1.習近平政権の政治基盤の安定性に変化の兆し
4月下旬に北京と上海に出張した。目的は定例の中国経済情勢に関する現地での情報収集である。習近平政権が掲げる「新常態」の方針の下、的確なマクロ経済政策運営と積極的な構造改革の組み合わせによって、経済の安定が保持されており、安心して見ていられる状況である。
この点については、今回の出張中に面談した政府内および民間の経済専門家の全員がほぼ一致した見方をしていた。
しかし、その面談相手と話しているうちに、「経済は安定しているが、最近政治情勢が不透明になってきていて心配だ」との懸念を耳にすることが少なからずあった。
これまで習近平政権が行ってきた政策について、政治面では反腐敗キャンペーンの断行が国民的支持を得ている。
経済面でも雇用と物価の安定を確保し続け、過剰設備の削減や過剰不動産在庫の処理への取り組みも一定の成果を上げるなど、こちらも高い評価を得てきた。最近は政治リスクの高い軍組織の抜本的改革まで実現し、着々と政策の結果を積みげてきている。

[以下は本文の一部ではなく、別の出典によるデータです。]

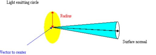 The center of the circle is defined by the 'Location' vector (blue in the sketch below). The surface normal is given by the vector called 'Ray vector' which is the black arrow. This is also the center of the emission cone. The 'Radius' parameter is the radius of the circle.
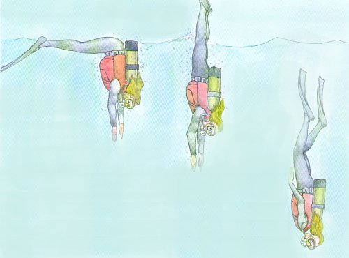 Спуск должен быть медленным и контролируемым: вам следует держать в поле зрения партнера, чтобы оставаться вместе, но при этом не столкнуться. Если вы испытываете трудности с выравниванием давления или что-то несете с собой, проще опускаться ногами вперед. Если вы утяжелены правильно, энергичного выдоха будет достаточно, чтобы начать спуск. Если проблем с давлением у вас нет, можете погружаться вертикально головой вниз. Так действуют опытные масочники; этот способ еще называют «по-утиному» или «по-щучьи».
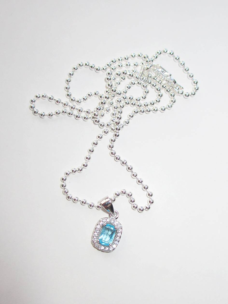 LIGHT BLUE GEM BALL CHAIN 925 sterling silver
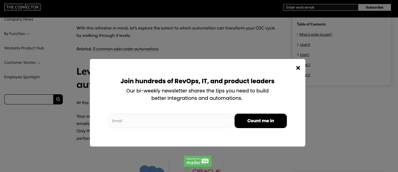 Below is an example from the integration platform Workato. The pop-up message highlights that people who subscribe to the biweekly newsletter will learn all they need to build better integrations and automation.
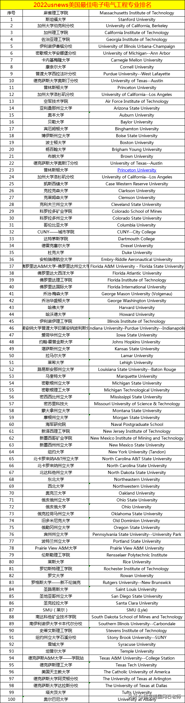 五、2022usnews美国最佳电子电气工程专业排名top100
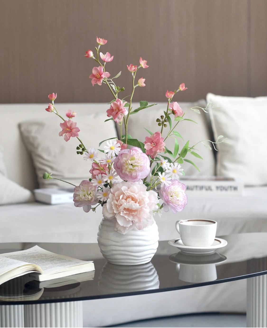 Porcelaine blanche – Pivoines et fleurs de prairie – Variations roses – Ambiance matinale – Hauteur 40 cm – Largeur 15 cm
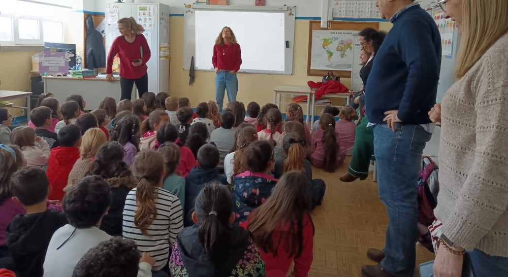 Os alunos do 3.º e 4.º ano da EB Srª da Glória, participaram numa sessão de Contos sobre o 25 de Abril, dinamizada pela contadora de histórias Bru Junça.
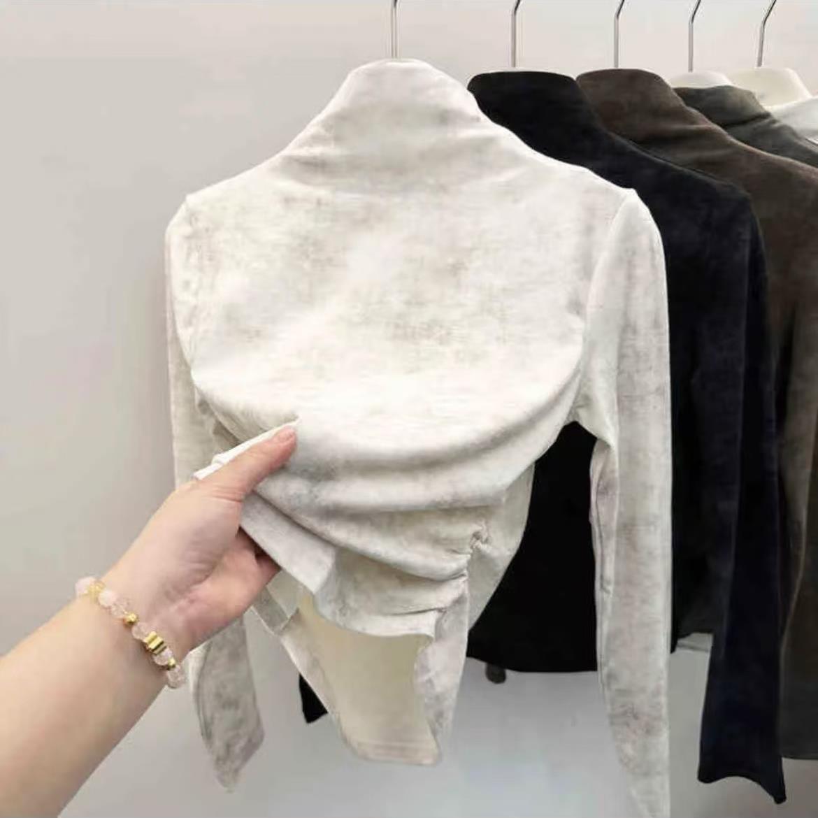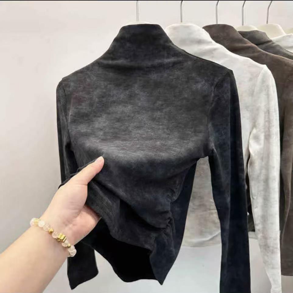 扎染半高领打底衫 洋派内搭收腰显瘦加厚磨毛上衣1022e 女秋冬新款
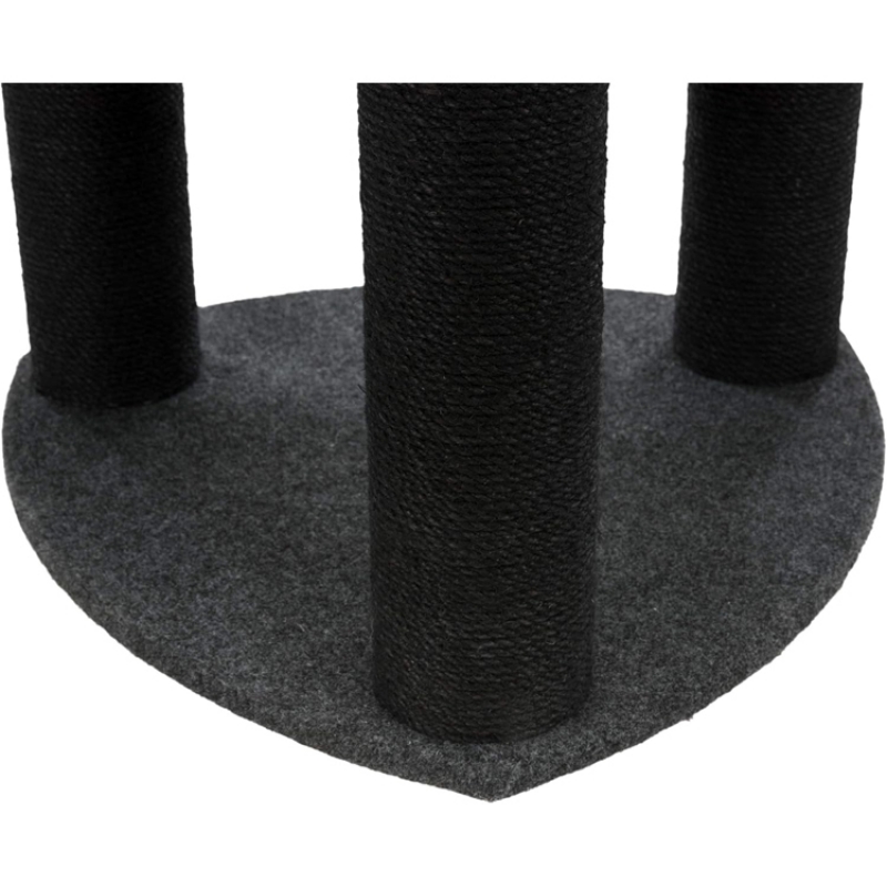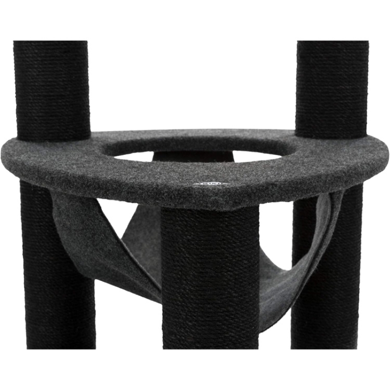 Measurements: 110 cm Floor area: 56 × 57 cm Post: ø 11 cm Height: 110 cm jute/felt (polyester) cuddly bed with padded rim with reversible cushion with two design versions: washable by hand platform with climb-through opening and hammock made of felt colour: light grey
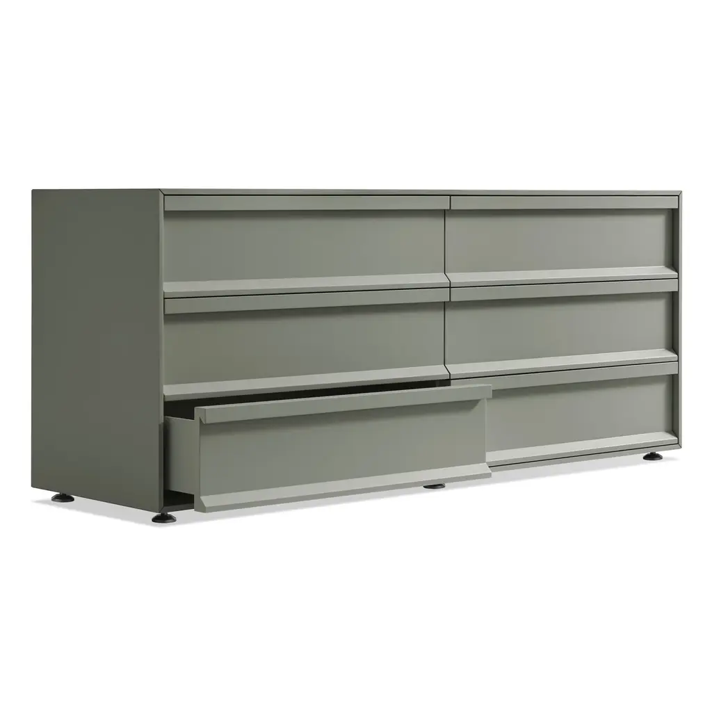 Uncomplicated storage for messy times. Beveled relief drawer pulls are set off by a matte painted finish. Soft close drawers keep the action smooth and serene.
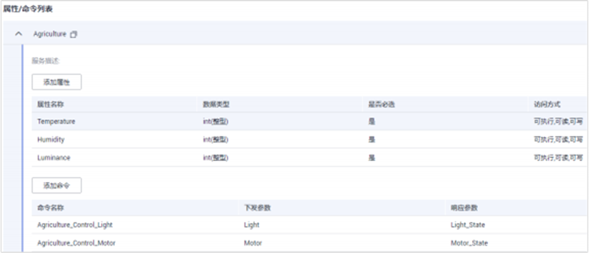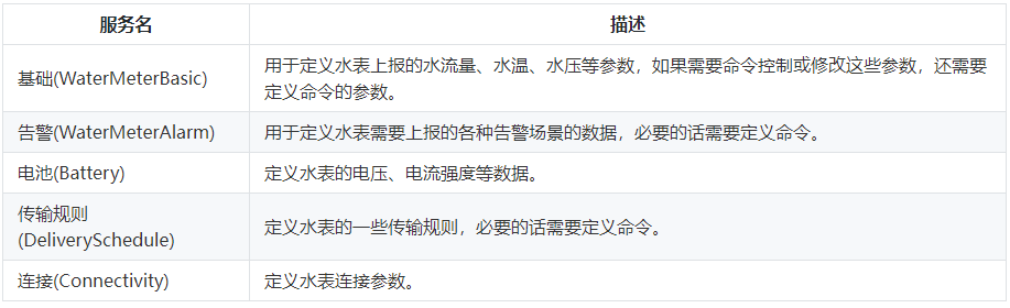 服务能力:描述设备具备的业务能力。将设备业务能力拆分成若干个服务后,再定义每个服务具备的属性、命令以及命令的参数。以水表为例,水表具有多种能力,如上报水流、告警、电量、连接等各种数据,并且能够接受服务器下发的各种命令。产品模型文件在描述水表的能力时,可以将水表的能力划分五个服务,每个服务都需要定义各自的上报属性或命令。
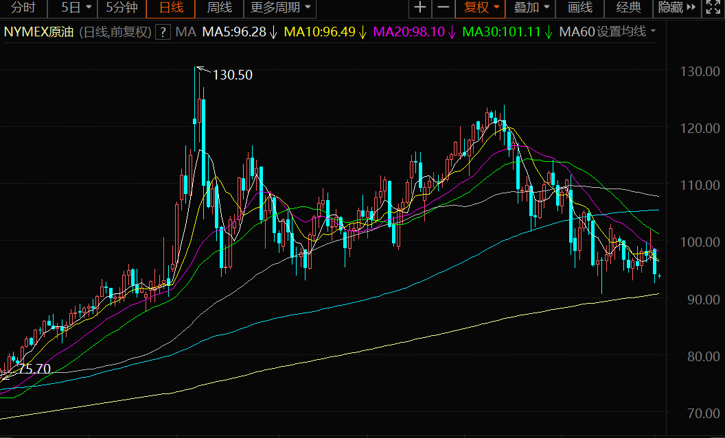 技术上,初步阻力参考21日均线99.29附近,然后是100整数关口,进一步阻力在上周五高点101.86附近,也可以参考布林线中轨101.19附近阻力,若能顶破该阻力,则增加短线看涨信号;进一步阻力在7月19日高点104.43附近和100日均线106.25附近。不过,鉴于上周五油价冲高回落,受到布林线中轨压制非常明显,下行趋势线压制也依然存在,投资者仍需密切提防油价重回跌势的风险。
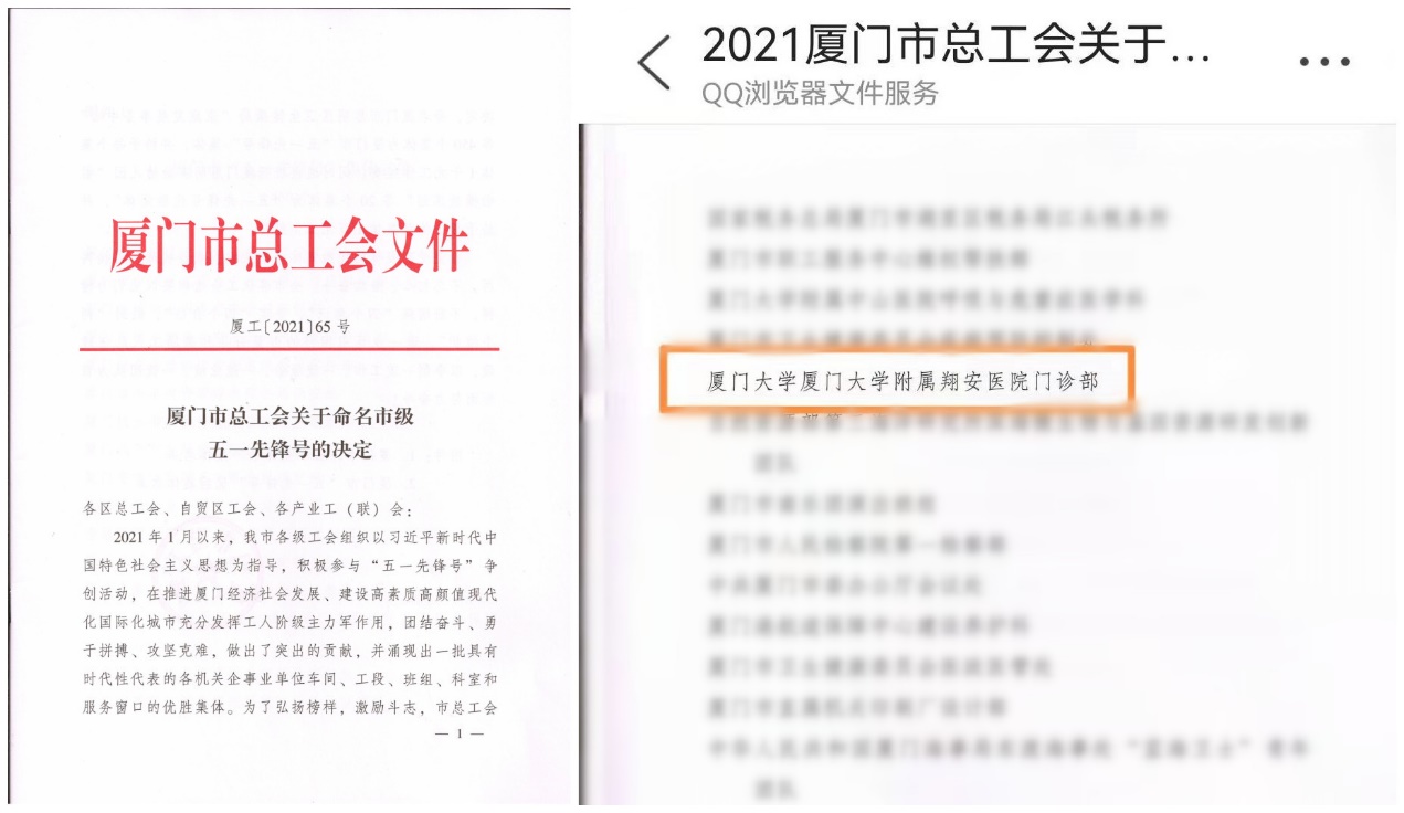日前,厦门市总工会公布2021年厦门市五一先锋号名单,我院门诊部获评厦门市“五一先锋号”集体。
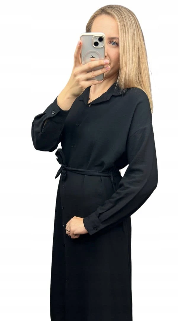 Świetna długa sukienka szmizjerka, która sprawdzi się idealnie jesienią.
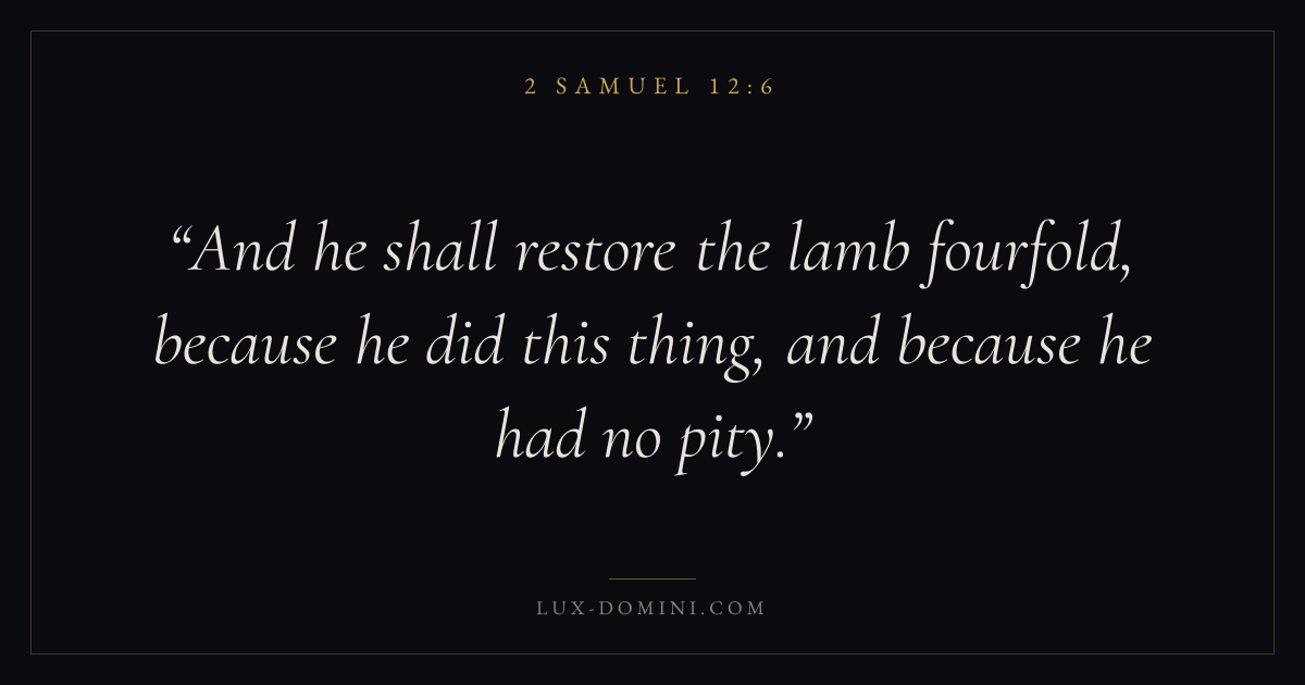 And he shall restore the lamb fourfold, because he did this thing, and because he had no pity.
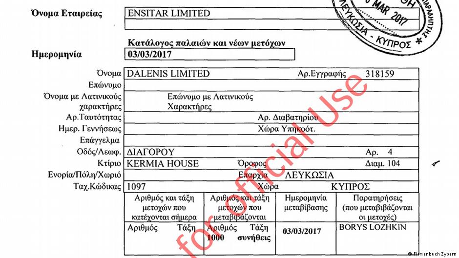 Инвестиции в Германии осуществляются Ложкиным через кипрскую компанию Ensitar Limited, бенефициаром которой он стал в марте 2017
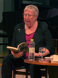 Jeg kommer aldrig til at se så elegant ud som Olga, når jeg læser – selv ikke med publikum. (Foto: P.E. Nikander Frandsen)
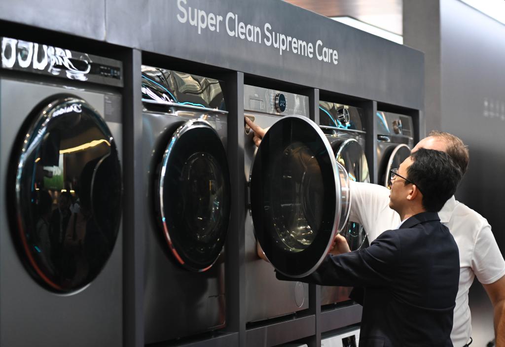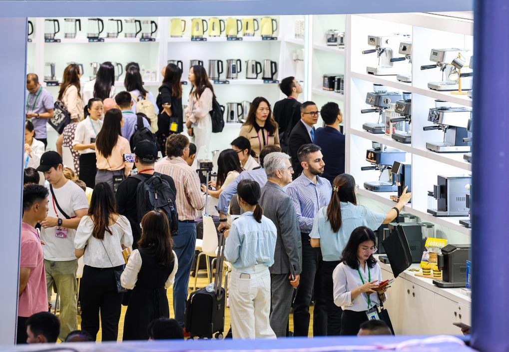 10月15日,境外采購商觀看參展企業(ye) 家電產(chan) 品。新華社記者鄧華 攝
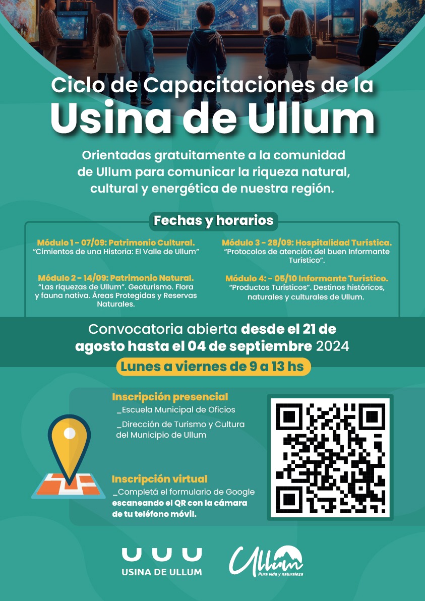 Desde este 20 de agosto se abren las inscripciones al ciclo de capacitaciones gratuitas en materia turística y cultural, organizado por la Municipalidad de Ullum y el proyecto La Usina. Se trata de una actividad gratuita para mayores de 18 años, orientada a la comunidad ullunera para que puedan recibir a los visitantes del departamento con los más altos estándares de hospitalidad, capaces de comunicar de manera efectiva la riqueza natural, cultural y energética de la región.
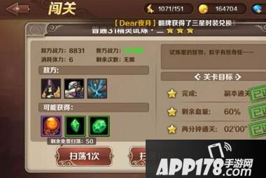 敌人的战斗力:8831,进入副本需要效果6点体力,关卡的目标与往常一样,通关副本一颗星、剩余血量达到百分之60两颗星、在两分钟里通关关卡三颗星。不是非常的难,主要玩家把握好时间就可以了。进入副本之后就会面对一大堆的怪物,二话不说上去就是干,一套技能下来,怪物也基本差不多了。
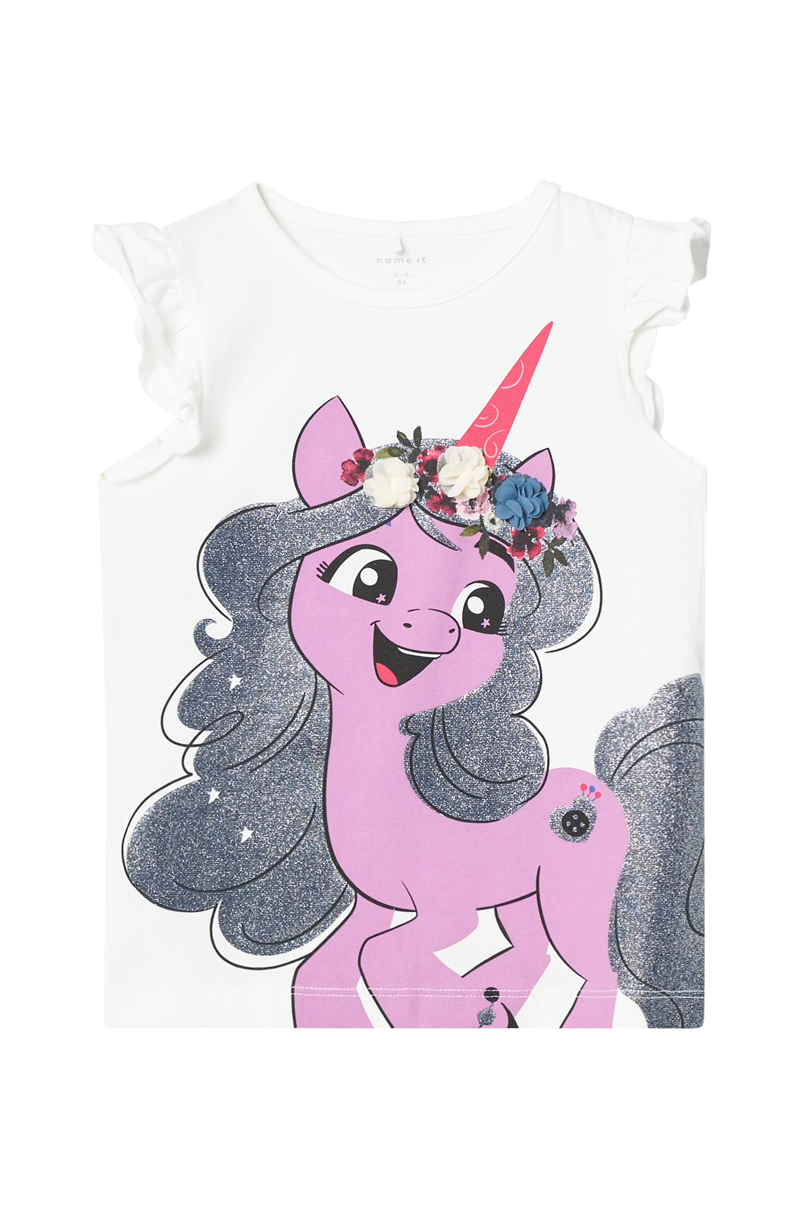 • Ermløs topp med volanger på skuldrene• Glitrende trykk foran• Dekorative blomsterdetaljer i tekstil foran

こうした政策面の大きな成果もあって、多くの国民から「習おじさん」(中国語では「習大大」、シーターターと発音)と親しみを込めた愛称で呼ばれるなど、政権基盤も安定度を増していた。
ただし、有識者の間では、学者やメディアに対してイデオロギーや政府批判に関わる活動の取り締まりがますます強化されてきていることに対する疑念がしばしば指摘されていた。
それでも昨年までは習近平政権の政治的な安定性が強まる傾向が続いていたように感じられていた。
しかし、今回の出張中およびその後に耳にした習近平政権に対する評価は、そうした従来の政権基盤の安定性の増大傾向に変化の兆しを感じさせるものだった。